From theatrics to ruin. Rotting Christ have a slightly different take on the big output of performance. Their music is incredibly dark and atmospheric, laying waste to society with the drowning chants of guitars and scathing vocal rhythms. This is perhaps the darkest point of the evening. Extreme Metal taking the darkest of touches of Black Metal into something quite inspiring. Their performance is perhaps unique in being minimal but utterly charismatic. Filling the venue with the dark lights and smoke that they surround themselves with. Perhaps this was always going to be the case, their music having a dark ritual taste as if casting a curse, surrounded by candles as the world crashes around you. Songs like 'dub-sag-ta-ke', 'Fire, God and Fear' and 'Apage Satana' perhaps exemplify this atmospheric approach the most. Ringing out powerfully through the crowds. They brought a variety of songs to the stage including a few from early releases, 'The Sign of Evil Existence' as a bit of a crowd pleaser, but their performance is kept to more recent tracks and despite the powerful atmosphere, tends to blend together. 
Moonspell on the other hand, have a much clearer narrative to their performance. Songs being separated by Fernando Ribeiro talking to the crowd, perhaps sometimes too much about the songs. They power into their set with costumes, set and with an accompanying lantern. But, despite this the theatrics feel a little left behind for a more musically focused approach. Many songs come from their new album 1755, but there are a few more crowd pleasers through the event. The energy and force that they bring to these songs will never fall too far from grace. Their engagement with their material and audiences makes for a riveting show. But, there is a sense that they're restricted, not quite seeing everything that they could have been. Whether it was the material or the set, there is just something that is being held back.

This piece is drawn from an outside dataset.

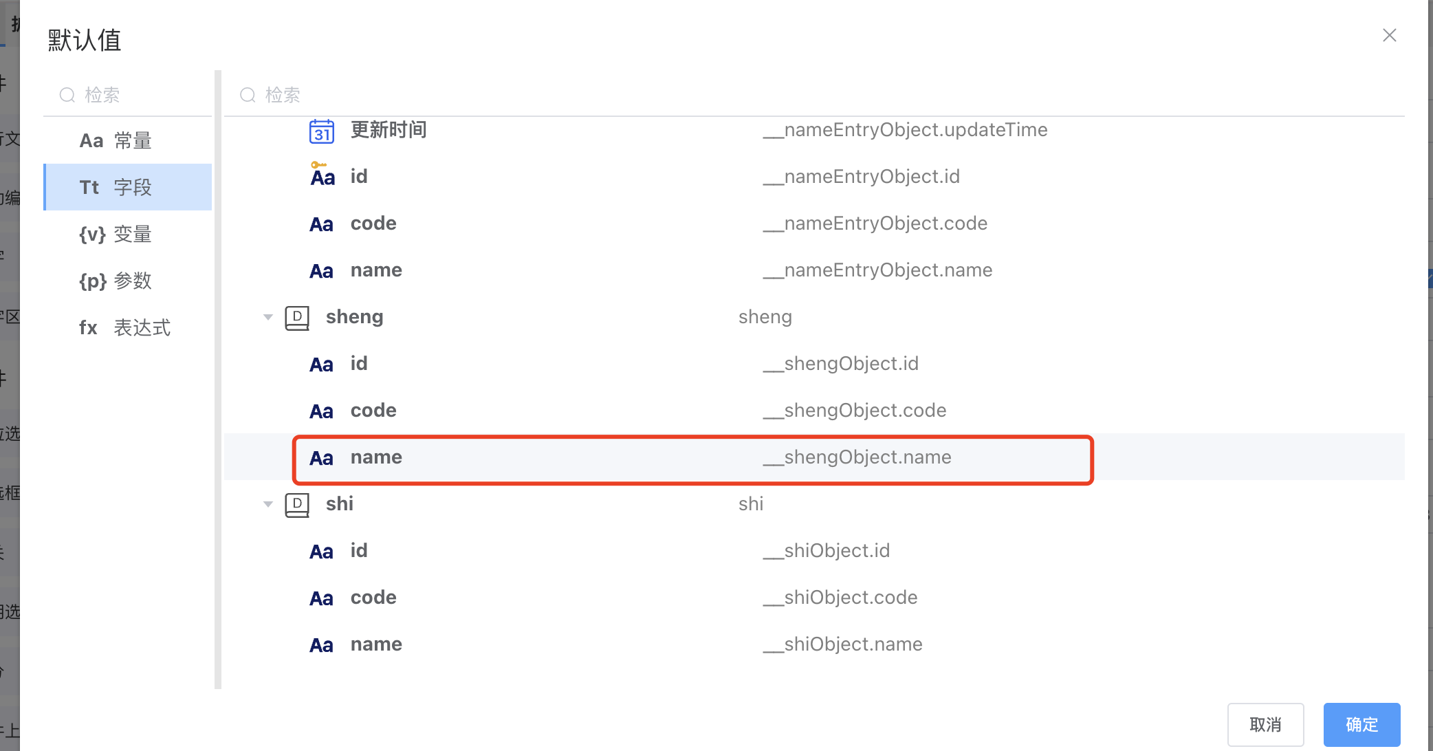 系统对象指当前表单内所生成的系统已有对象。例如当引入选人组件并绑定数据实体字段后,会生成人员Object实体,该实体中含有人员详细信息字段,以供后续赋值使用。机构组件、上传组件等在绑定完实体字段后都可生成系统对象
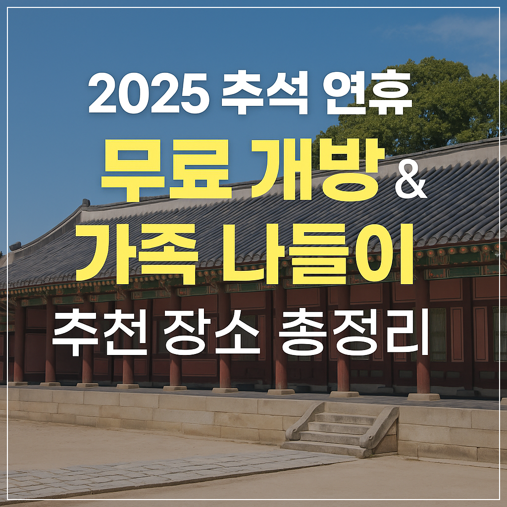 다가오는 2025년 추석 연휴, 가족과 함께 어디를 가야 할지 고민되시나요? 추석은 1년에 단 한 번, 온 가족이 모이는 특별한 명절입니다. 하지만 연휴 동안 대부분의 사설 시설은 문을 닫거나 혼잡해서 나들이 장소를 고르기 쉽지 않습니다. 다행히도 정부와 지자체에서는 매년 추석 연휴를 맞아 대표 문화재·국립시설 무료 개방 및 다양한 할인 이벤트를 진행하고 있습니다. 이번 글에서는 추석 연휴 무료 개방되는 주요 장소와 가족 나들이 추천 코스를 한눈에 정리해드리겠습니다.

Fortunately, Moonspell have a remarkable presence, commanding the stage like the true veterans that they are. Each song is pounded out with a precision and a natural strength. Ever listened to songs that effortlessly flow from the soul? The dark majesty of Moonspells music doesn't fall on death ears. They start strong and finish stronger. 'Mephisto' and 'Vampiria' are parituclar highlights with their natural bravado, melody and a virtuoso sense of Metal. Moonspell are veterans of their craft, delighting fans with a striking encore including 'Full Moon Madness' as a powerful showstopper; and it is with a heavy heart that Moonspell brought it all to an end.